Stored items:

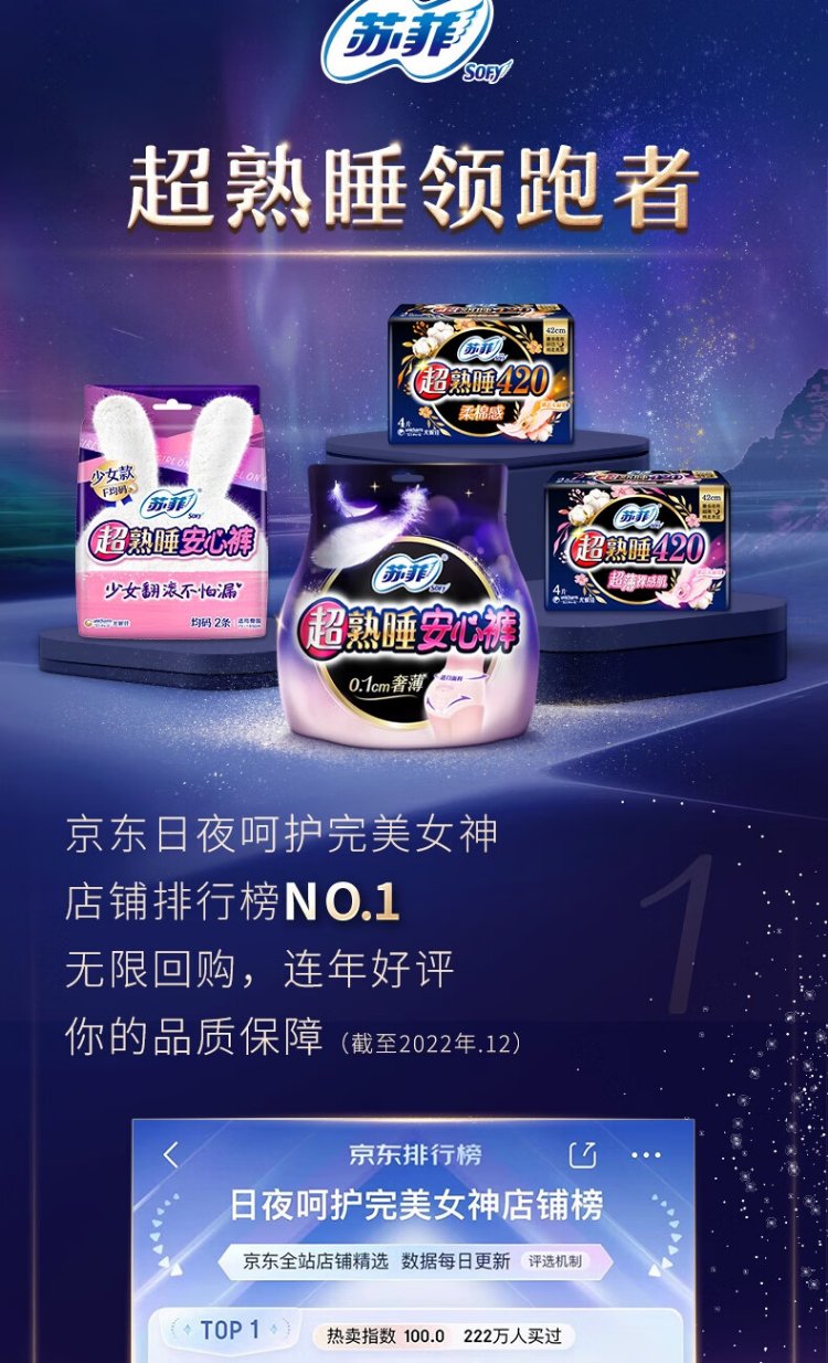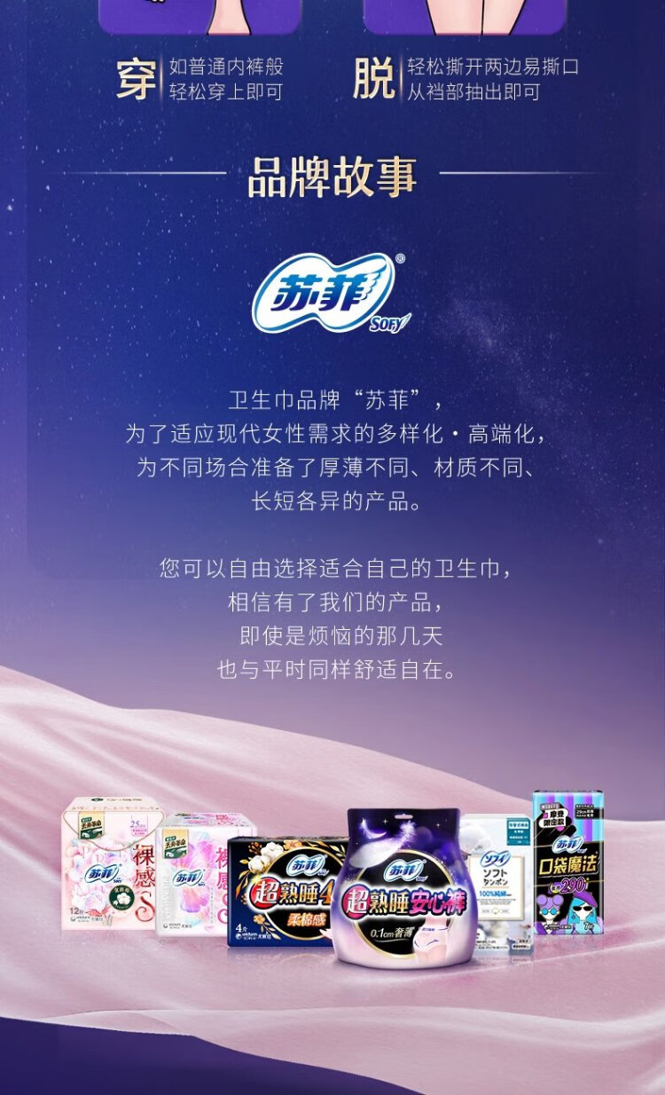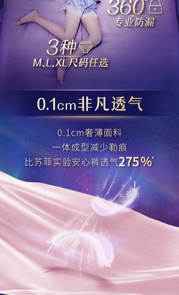 Sophie ultra-thin 0 rubber band ultra-sleep safety pants L size 5 pairs of sleep pants night use sanitary napkins self-operated night safety pants
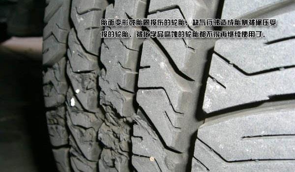 3、胎面變形或胎圈損傷的輪胎,缺氣行駛造成胎側被碾壓受損的輪胎,被化學品腐蝕的輪胎都不得再繼續使用了。
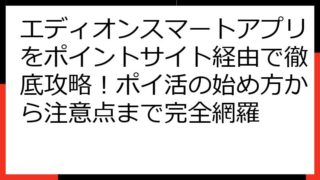 エディオンスマートアプリのポイ活完全ガイド:ポイントサイト経由で賢くお得に利用する方法 エディオンスマートアプリのポイ活に興味をお持ちの皆さん、ようこそ! この記事では、「エディオンスマートアプリ ポイントサイト 経由」というキーワードで検...
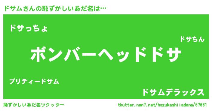 | 意味不明あだ名 | 『なめこ科ドサム属』『自称ドサム』 |
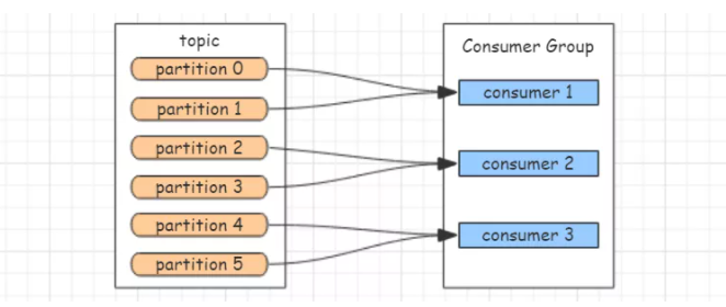 Consumer:消费者,拉取消息进行消费。 一个 topic 可以让若干个消费者进行消费,若干个消费者组成一个 Consumer Group 即消费组,一条消息只能被消费组中一个 Consumer 消费。
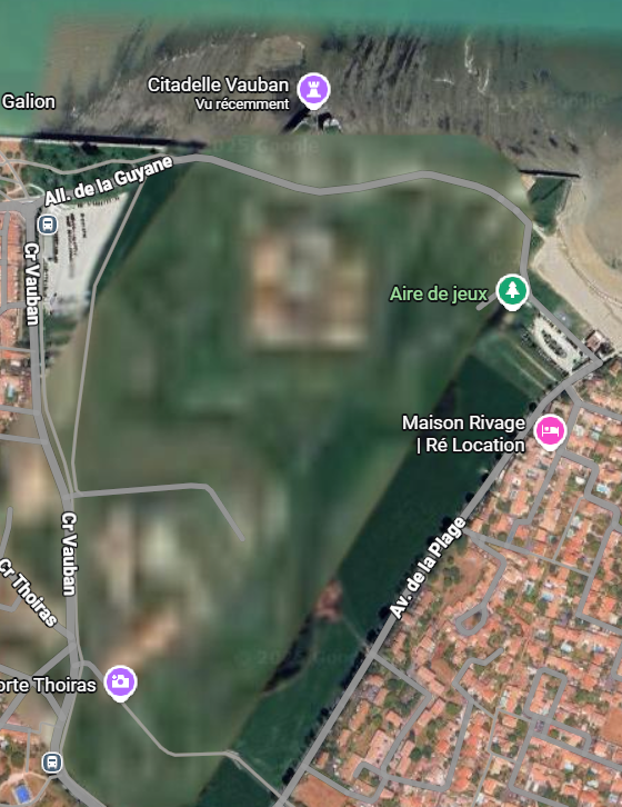 je voulais dire qu'on a pareil en France en prenant l'exemple de la citadelle de saint-martin-de-ré mais visiblement google maps doit flouter l'image satellite
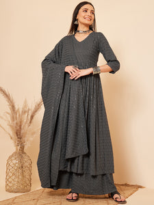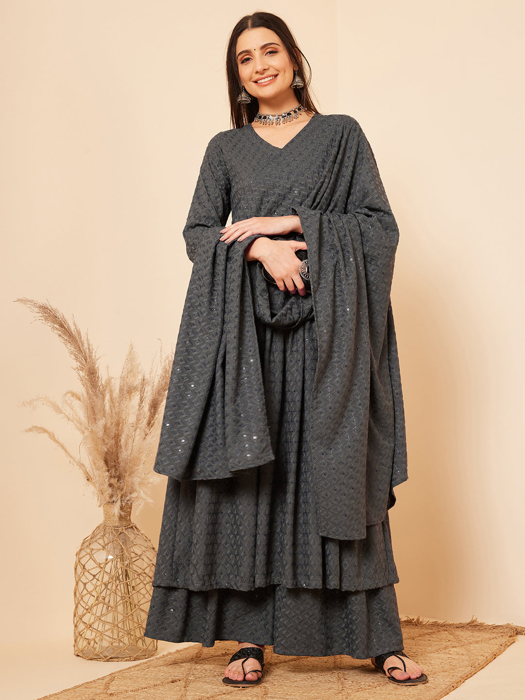 Dupatta, if any, has a length of 225 cms / 2.25 m / 88.5 inches. Width is 107 cms / 42 inches
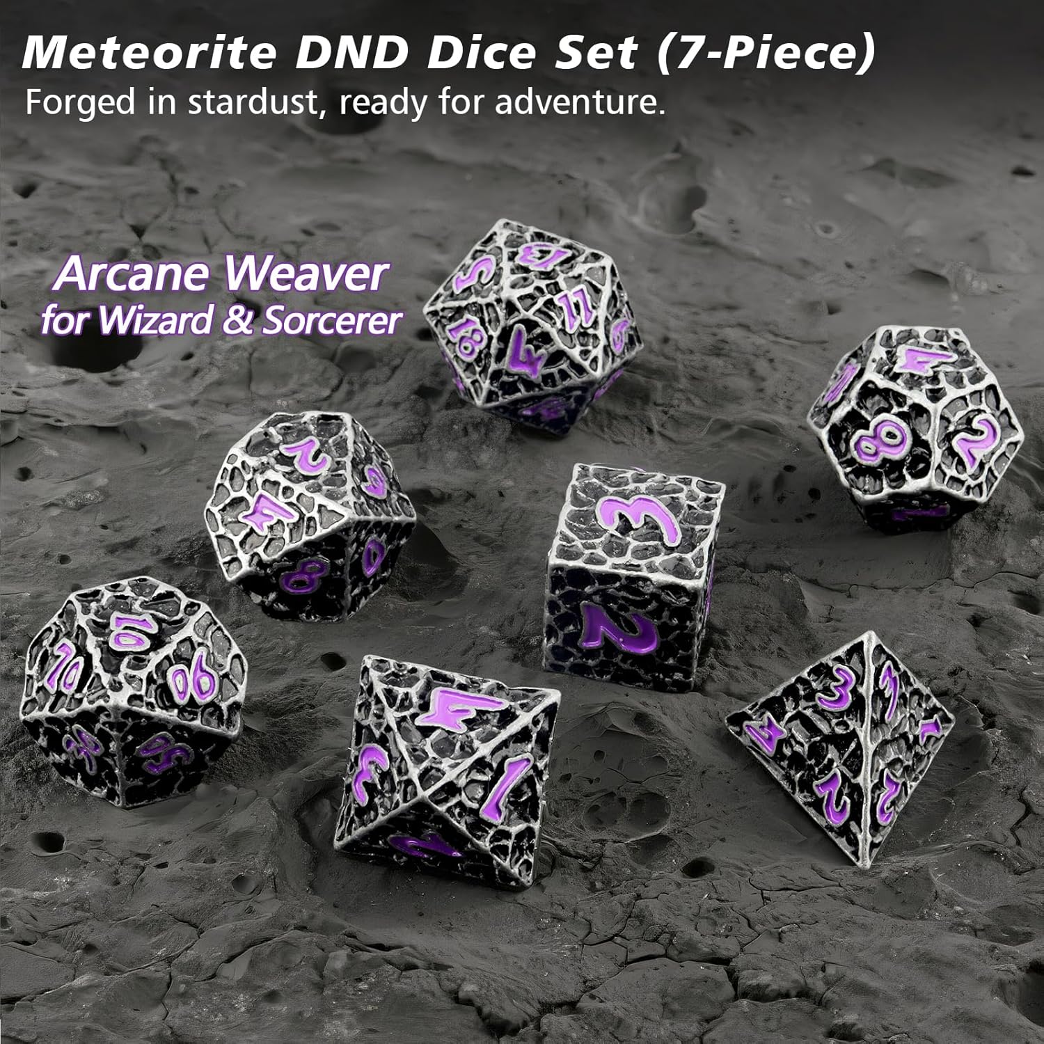 - Meteorite Theme with Unique Crack Design: This metal DND dice set features a cracked meteorite design, inspired by cosmic energy and meteor impacts. Realistic cracks and a bold meteorite look give your game a cool, sci-fi touch
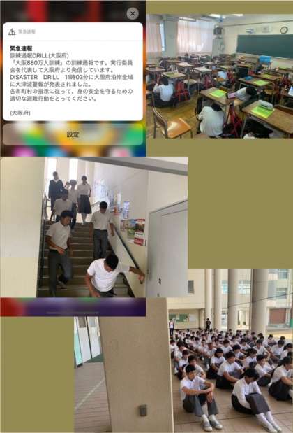 本日、予定されていた大阪880万人訓練と同時刻に、地震・それにともなう津波警報発生時に対しての避難訓練を実施しました。
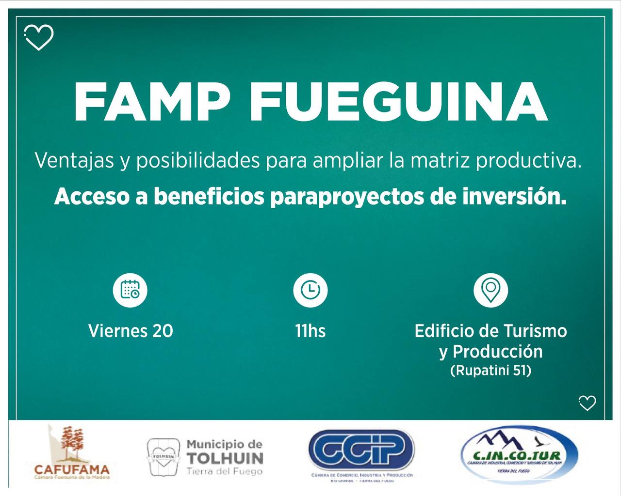 El próximo viernes 20 de diciembre a las 11:00 hs se llevará a cabo una reunión en la Secretaría de Turismo y Producción de Tolhuin, ubicada en Santiago Rupatini 51. El encuentro estará enfocado en los beneficios y oportunidades del Fondo de Ampliación de la Matriz Productiva Fueguina (FAMP).
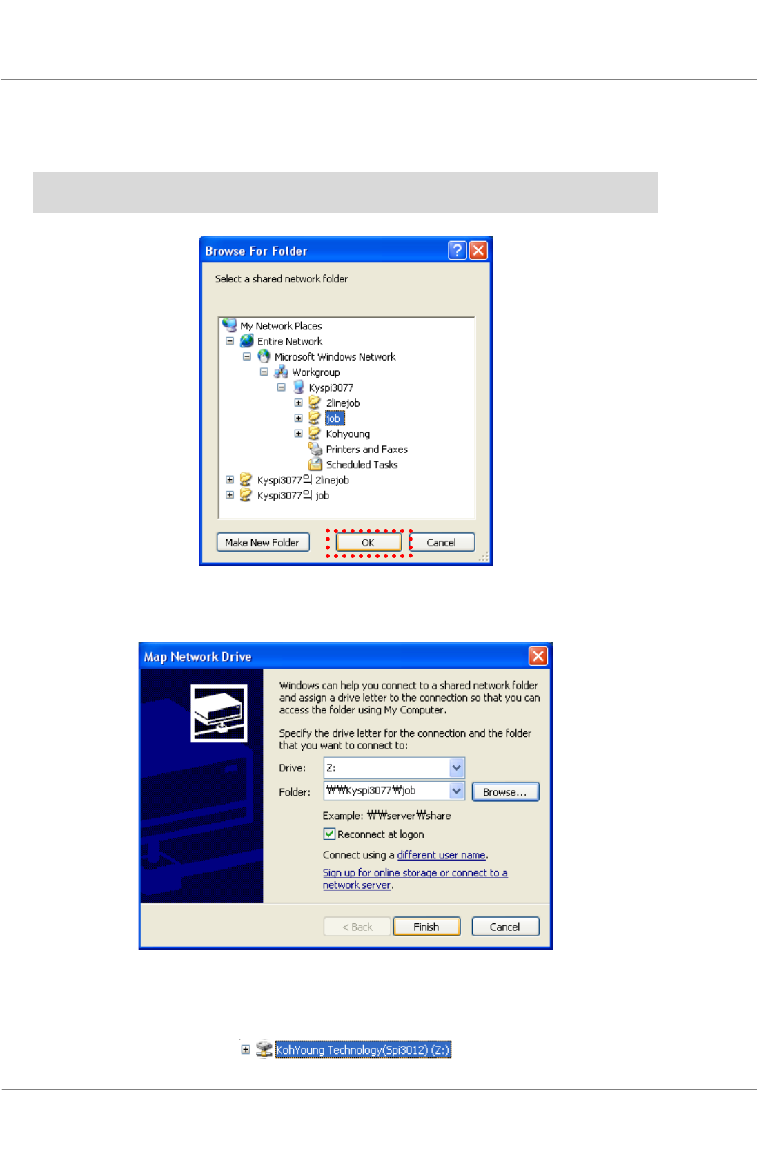5. The network Drive setting is now completed. The network Drive “KohYoung

» Exercise instructions
From the line containing "El próximo viernes" to the last line of the records above, return each line exactly, both ends included, and nothing more. Leave out the pictures.

» Result
 El próximo viernes 20 de diciembre a las 11:00 hs se llevará a cabo una reunión en la Secretaría de Turismo y Producción de Tolhuin, ubicada en Santiago Rupatini 51. El encuentro estará enfocado en los beneficios y oportunidades del Fondo de Ampliación de la Matriz Productiva Fueguina (FAMP).
5. The network Drive setting is now completed. The network Drive “KohYoung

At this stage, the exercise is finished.